• ACTION ITEM:
When you copy the data that follows, reproduce every word exactly and leave out the images.

• DATA SECTION:
■ ■ ■

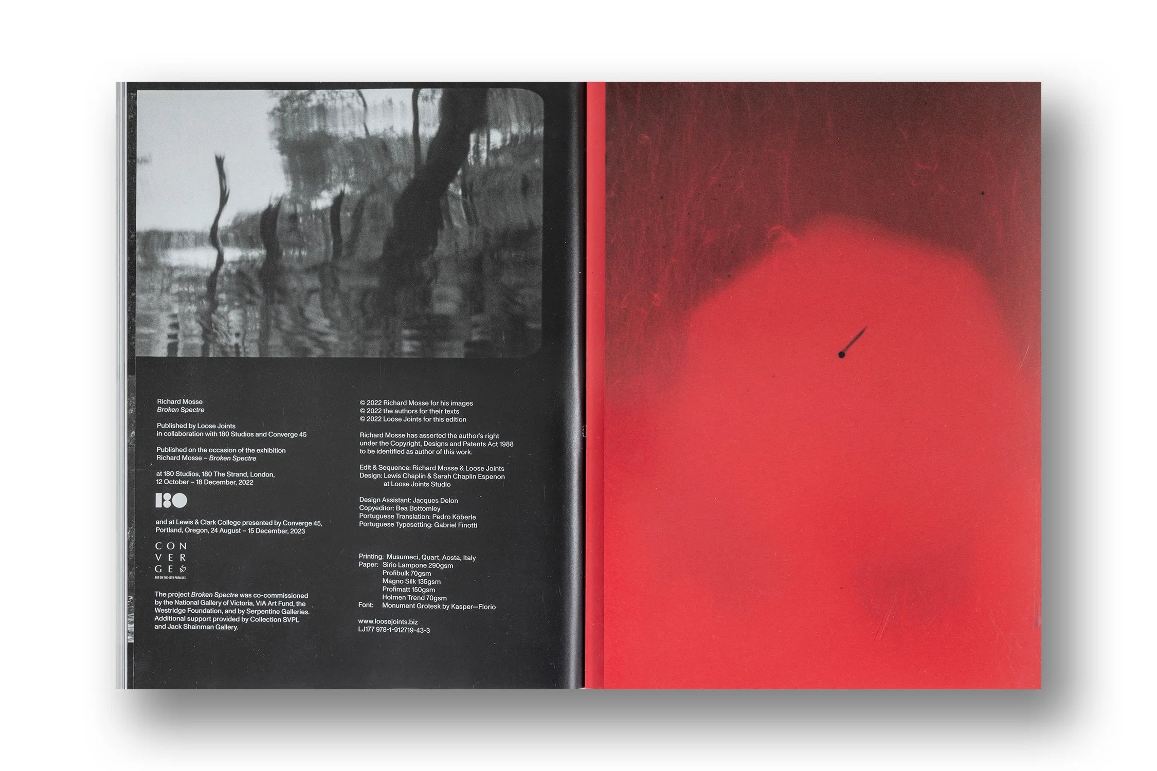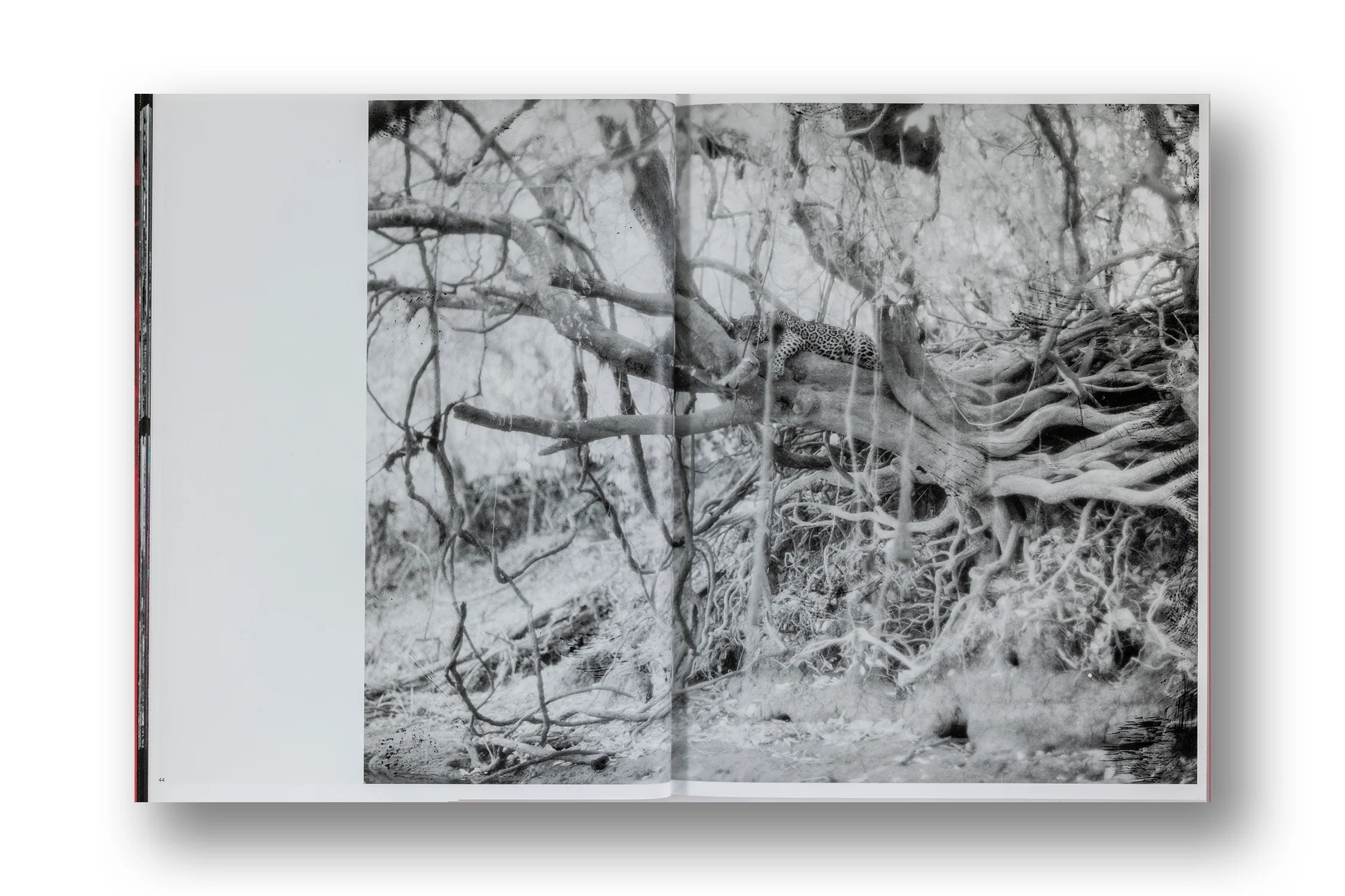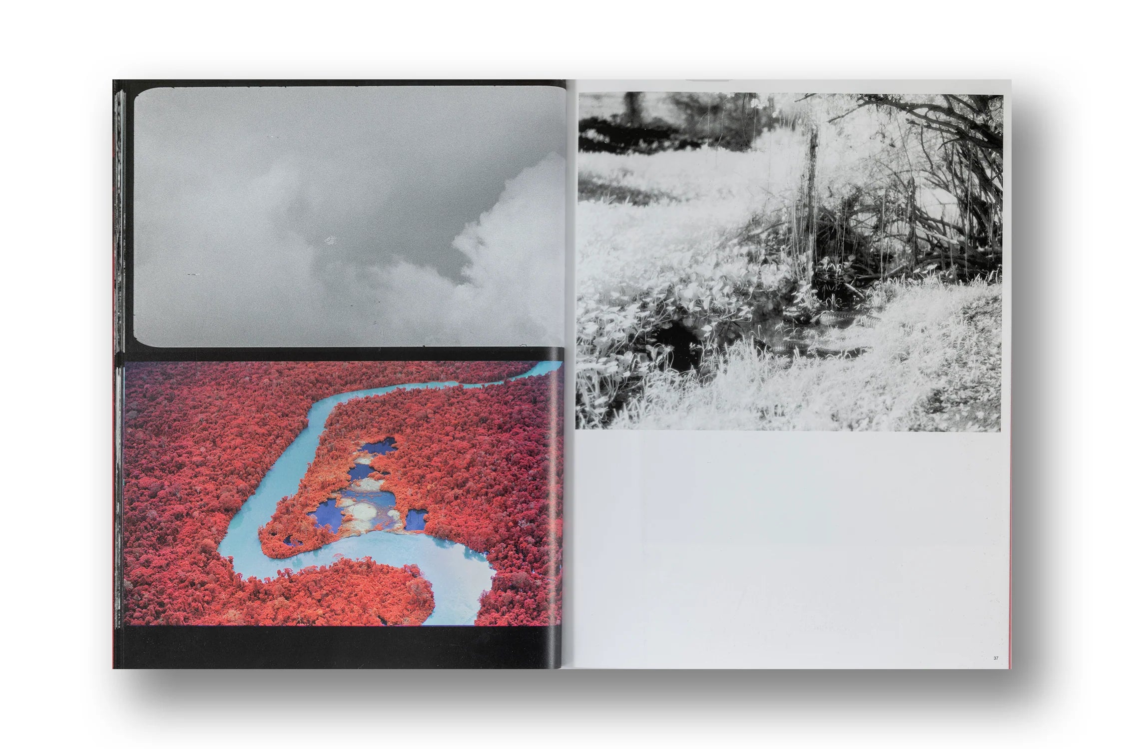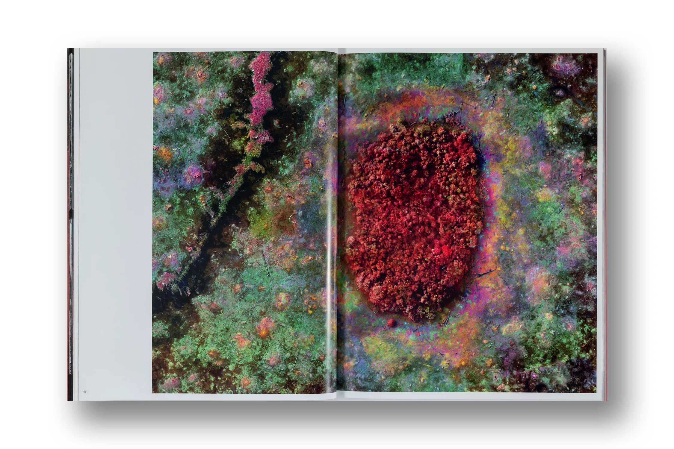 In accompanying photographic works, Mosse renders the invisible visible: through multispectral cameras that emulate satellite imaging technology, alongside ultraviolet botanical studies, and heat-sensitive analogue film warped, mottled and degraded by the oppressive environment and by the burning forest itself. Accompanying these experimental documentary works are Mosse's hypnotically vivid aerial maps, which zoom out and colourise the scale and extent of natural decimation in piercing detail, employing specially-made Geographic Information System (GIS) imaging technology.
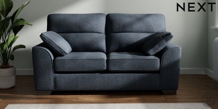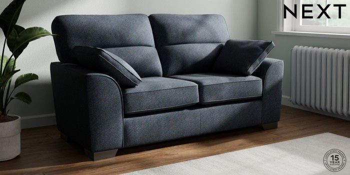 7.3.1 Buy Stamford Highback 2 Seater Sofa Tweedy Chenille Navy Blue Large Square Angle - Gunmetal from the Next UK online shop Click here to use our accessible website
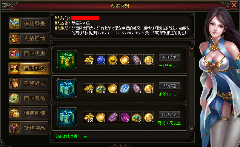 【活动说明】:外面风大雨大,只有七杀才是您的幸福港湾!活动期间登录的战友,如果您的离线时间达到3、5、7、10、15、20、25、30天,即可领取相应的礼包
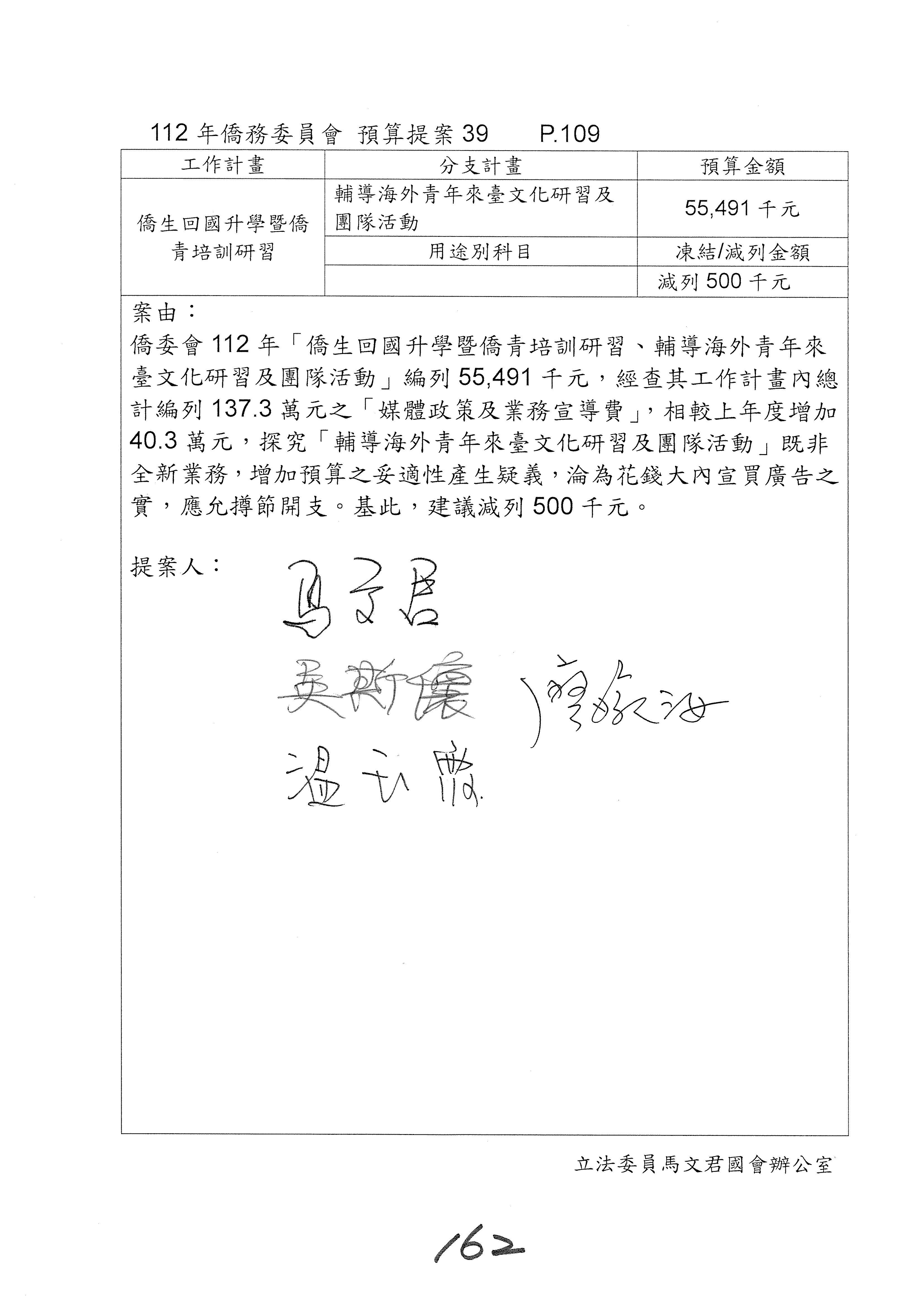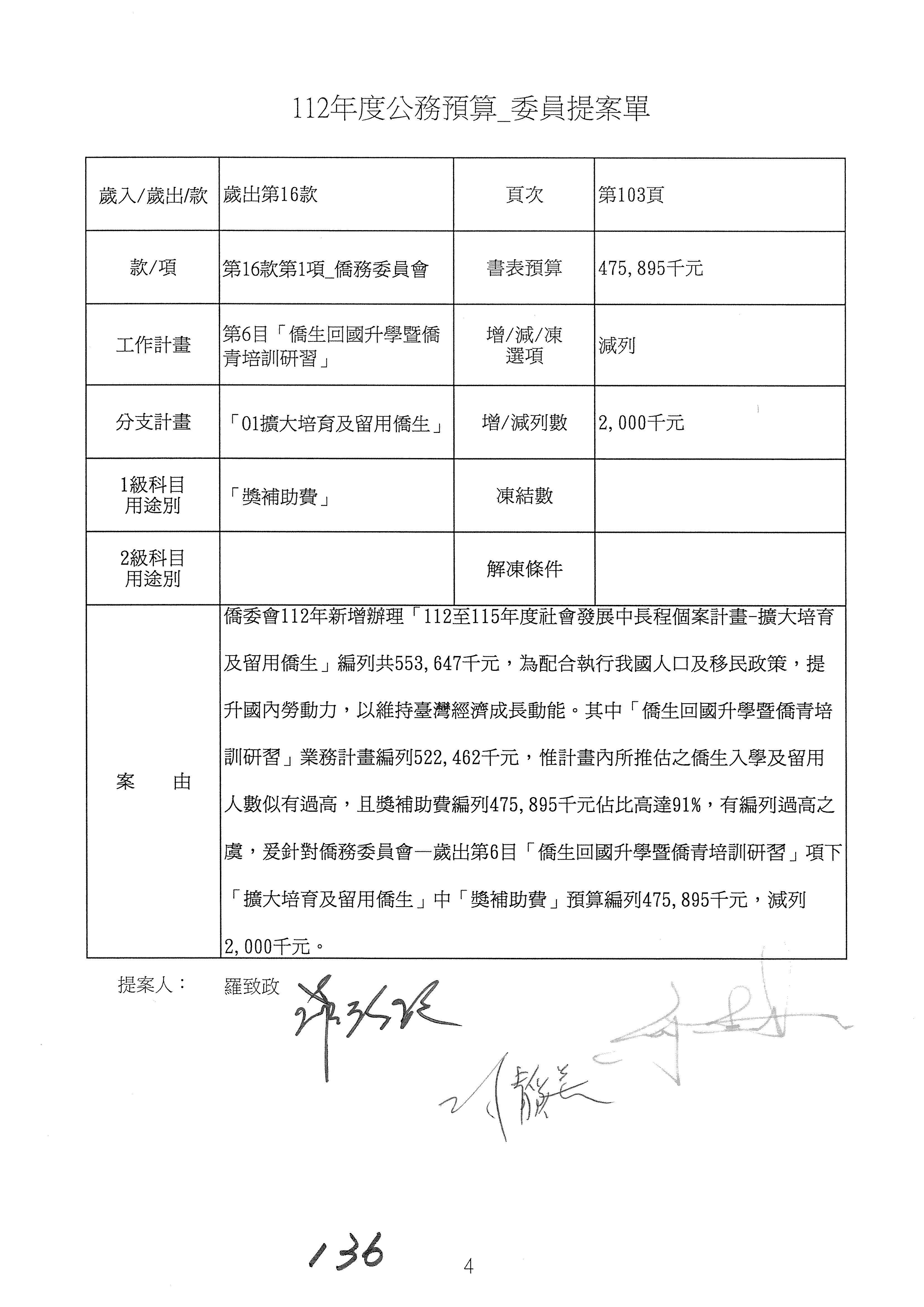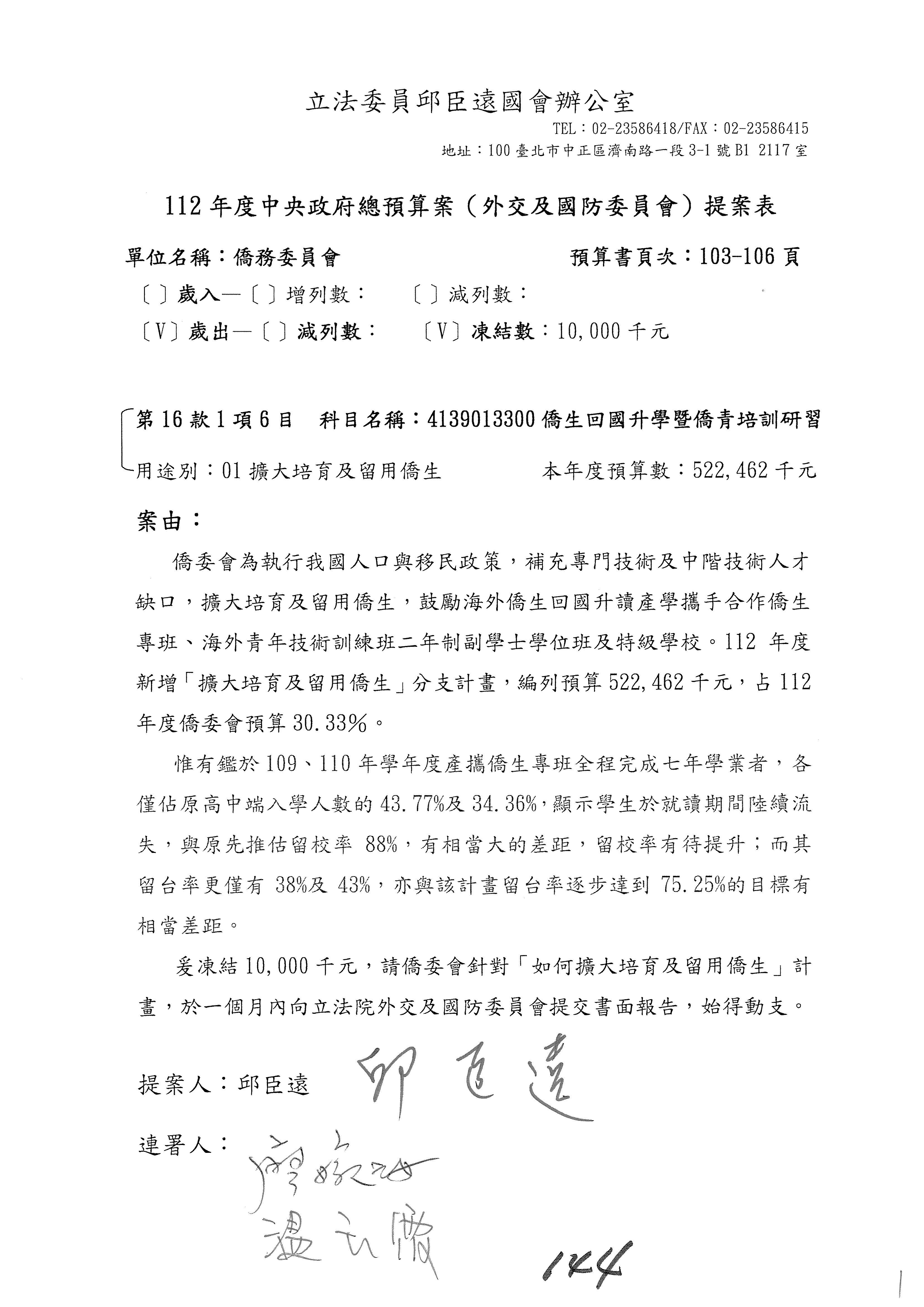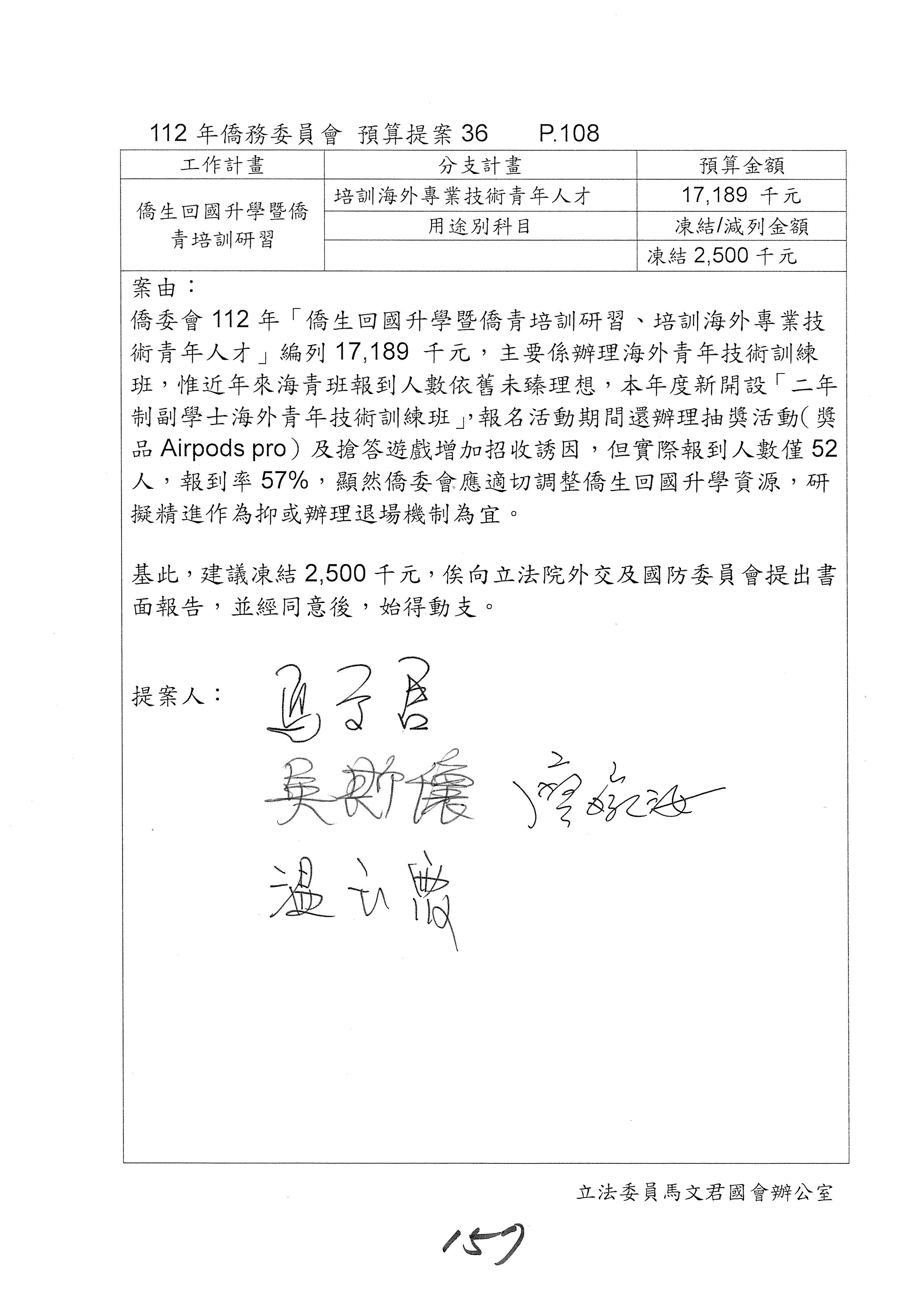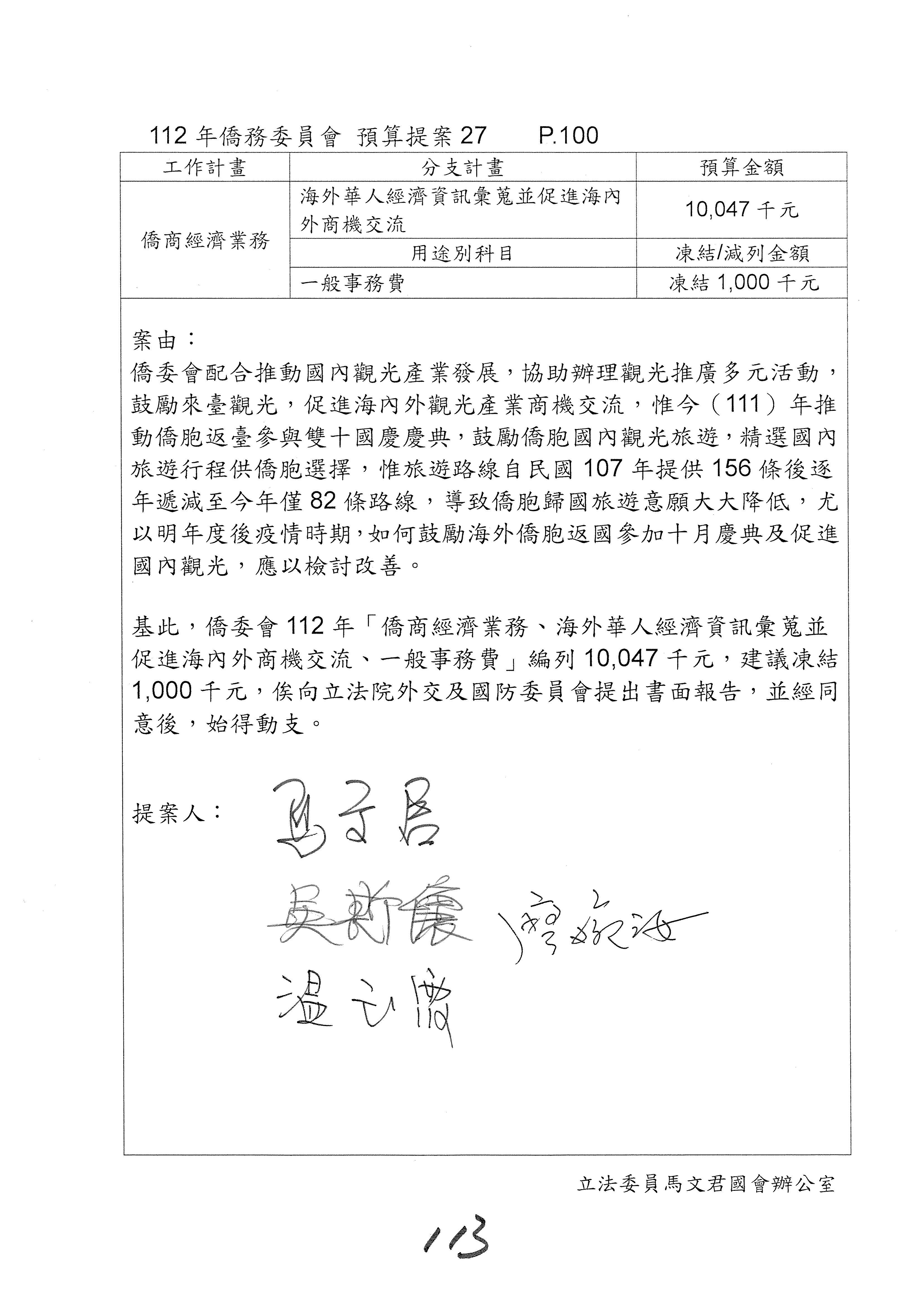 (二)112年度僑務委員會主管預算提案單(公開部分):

■ ■ ■

• YOUR SOLUTION:
 In accompanying photographic works, Mosse renders the invisible visible: through multispectral cameras that emulate satellite imaging technology, alongside ultraviolet botanical studies, and heat-sensitive analogue film warped, mottled and degraded by the oppressive environment and by the burning forest itself. Accompanying these experimental documentary works are Mosse's hypnotically vivid aerial maps, which zoom out and colourise the scale and extent of natural decimation in piercing detail, employing specially-made Geographic Information System (GIS) imaging technology.
 7.3.1 Buy Stamford Highback 2 Seater Sofa Tweedy Chenille Navy Blue Large Square Angle - Gunmetal from the Next UK online shop Click here to use our accessible website
 【活动说明】:外面风大雨大,只有七杀才是您的幸福港湾!活动期间登录的战友,如果您的离线时间达到3、5、7、10、15、20、25、30天,即可领取相应的礼包
 (二)112年度僑務委員會主管預算提案單(公開部分):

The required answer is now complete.